To: "'Dr. David Kirkby'" <david.kirkby@onetel.net>,"'Tony King - W4ZT'" <amps080605@w4zt.com>
Subject: Re: [Amps] How intermod limits your PEP
From: "Gary Schafer" <garyschafer@comcast.net>
Reply-to: garyschafer@comcast.net
Date: Sun, 21 May 2006 21:45:36 -0400
List-post: <mailto:amps@contesting.com>

> -----Original Message-----
> From: amps-bounces@contesting.com [mailto:amps-bounces@contesting.com] On
> Behalf Of Dr.

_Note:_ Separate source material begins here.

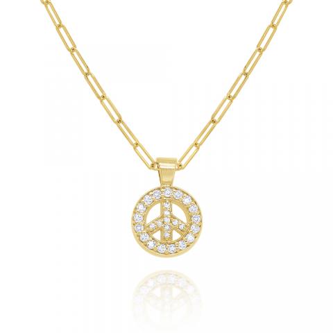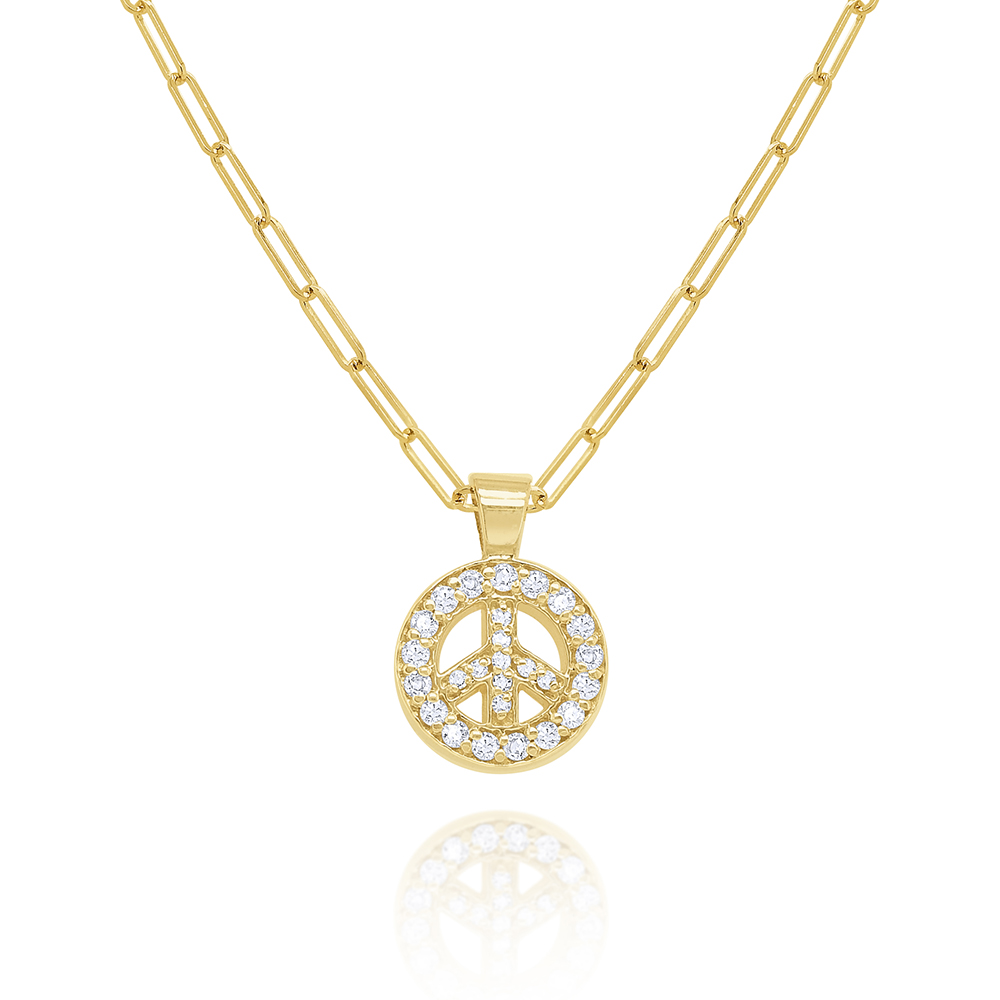 A charming peace sign necklace with 26 sparkling diamonds slides along a golden paperclip chain.

David Kirkby
> Sent: Wednesday, May 17, 2006 9:18 PM
> So this means:
> 
> IMD = 0 dB, A=79.0569 V, B = 79.0569 V
> IMD = 5 dB, A=101.203 V, B = 56.9107 V
> IMD = 10 dB,A=120.127 V, B = 37.9873 V
> and so on.
> 
> 
> As I was saying before, as the IMD decreases, so the signal must go up
> but the IMD voltage must go down.
> 
> These numbers are quite different to what Gary got. I think his analysis
> is flawed, but I don't think it is so badly flawed that we should get
> quite different numbers. Anyway, perhaps someone else will look at it.
> 
> --
> Dr. David Kirkby BSc MSc PhD CEng MIEE
> Chartered Engineer
----------------------------------------------------------------------------


Hi David,

I see the problem. Your maths are calculating the 30 db down (or 20 db down
in your first example) from one of the two tones power (A) rather than from
PEP even though you say you are using PEP as the reference. 
You are coming out with a number 6 db lower than what I come up with, for
the IM voltage level, when I use PEP as the reference.

You are going through a lot of extra math to find the wrong answer.
If you check your answers to find the power contained in each B term you
will find that it is 6 db down from what it should be. 30 db down from 1000
watts should give 1 watt in each B term. Your "B" term is only 1/2 the
voltage it should be and produces .235 watts average.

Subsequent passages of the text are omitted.